Русская Елена

Елена Холл прожила в Далласе 54 года

[Даллас, Техас] С Еленой Ивановной Холл The Dallas Telegraph познакомился благодаря Ольге Русановой из православного храма Святого Серафима, что в центре Далласа. Елену Ивановну Ольга охарактеризовала, как «гражданина вселенной русского духа».

Елена Холл, урожденная Алхазашвили, родилась в Персии 86 лет назад. В Даллас она приехала в 1959 году, когда русскоязычная диаспора нашего города еще не была столь многочисленной. Почти за 60 лет Елена Ивановна стала не только ангелом-хранителем православной общины города, но и носителем истории Русского Далласа. По словам Ольги Русановой, «Елена — тот человек, который вот уже полвека встречает в церкви практически каждого русского и помогает адаптироваться к американский жизни. Она всегда спрашивает: «Чем я могу быть вам полезна? Чем я могу вам помочь». Это основное ее служение — помогать каждому человеку, который находится рядом. Для меня Елена Ивановна — пример того, как нужно относиться к людям».

История жизни Елены Ивановны Холл-Алхазашвили станет жемчужиной книги об истории Русского Далласа, которая выйдет в конце 2013-начале 2014 годов.

— Елена Ивановна, вы ведь родились в Персии?

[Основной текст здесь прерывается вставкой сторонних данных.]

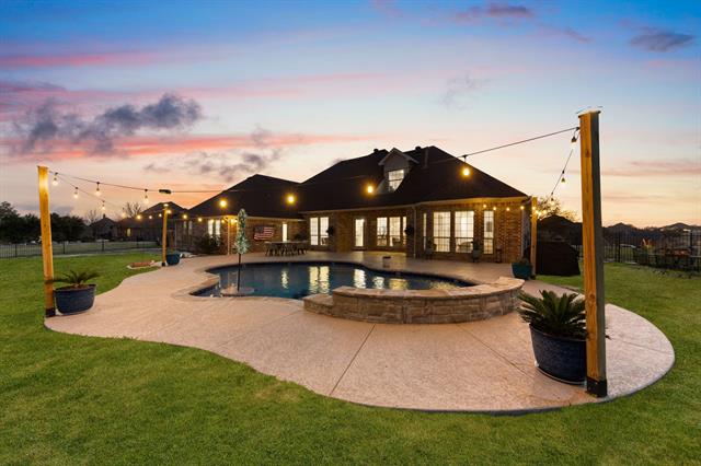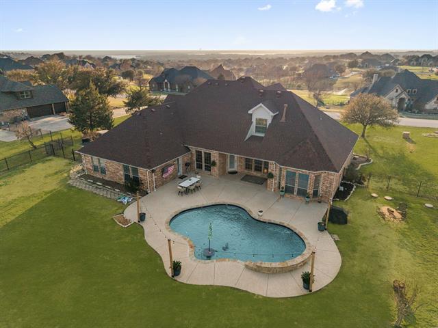 A location that can’t be beat! Situated on 1.49 acres outside city limits in the highly sought-after gated community of Harbour View, this home is less than one mile from Harbour One Marina at Eagle Mountain Lake. Store your boat nearby and enjoy true lake living, all while being zoned for the brand-new Eagle Mountain High School in one of the area’s top school districts. Designed for entertaining, the open floor plan is filled with natural light and offers seamless flow between living spaces. The spacious family room opens to a private backyard retreat featuring a gunite swimming pool and expansive green space. A dedicated garden area provides the perfect foundation for raised beds, landscaping, or outdoor entertaining tailored to your vision. The home office features built-in desk and shelving with coffered ceilings. The kitchen includes granite countertops, gas stove, generous prep space, and open to the main living areas. Three oversized secondary bedrooms are split from the private primary suite, which includes dual sinks and a walk-in shower. Upstairs offers exceptional flexibility with a media room, a private 5th bedroom ideal for guests or teens, and a second living area that can function as a game room, gym, or play space. Community amenities include a security gate, rolling hills, walking trails, park with jungle gym and fishing ponds.

— Да, в Персии. Ираном Персия начала называться с 1936 года. Я родилась в Персии. Мой отец Иван Александрович Алхазашвили родился в Дагестане, но вырос и учился в Москве. Папа окончил кадетский корпус. Добровольцем он ушел на фронт во время Первой мировой войны. После революции большевики схватили отца и хотели расстрелять. Он вспоминал, что он уже вырыл свою могилу, но благодаря дяде смог убежать в Баку. Его спрятали на пароходе, в угольном отделении, и перевезли в Персию. Уже там папа познакомился с мамой. Это было в Энзеле, сейчас этот город называется Пахлеви — это порт в Каспийском море.

— А каким образом ваша мама оказалась в Иране?

— Спрашивая в свое время ее об этом, я получила ответ: «Дети раньше были не такими любопытными, как сейчас». Она мне сказала тогда, что они с папой приехали из России. Мама была родом из города Сызрань. Ее звали Маргарита Васильевна Елистратова. Поженившись, родители перебрались в Тегеран, где мы, трое детей — две девочки и мальчик — и родились. И когда настало время нам идти в школу, папа сказал: «Дочкам не нужно персидское образования. Коммунизм скоро закончится, и мы вернемся домой, в Россию». В Тегеране существовала Русская школа Ивана Ивановича Рябцева. И нас определили туда учиться на 3 или 4 года. Но, к сожалению, Иван Иванович заболел, и школу закрыли. И тогда нас перевели во Французскую школу, которой руководили французские католические монахини. Туда ходили дети разных национальностей — и персы, и ассирийцы, и армяне, и русские. И, чтобы дружить с ними, нужно было учиться их языку. Наш брат Гига учился в персидской школе, потому что тогда не было Французской школы для мальчиков. Но нас, девочек, тоже обучали иранскому языку, так что я научилась и читать, и писать, и говорить на персидском.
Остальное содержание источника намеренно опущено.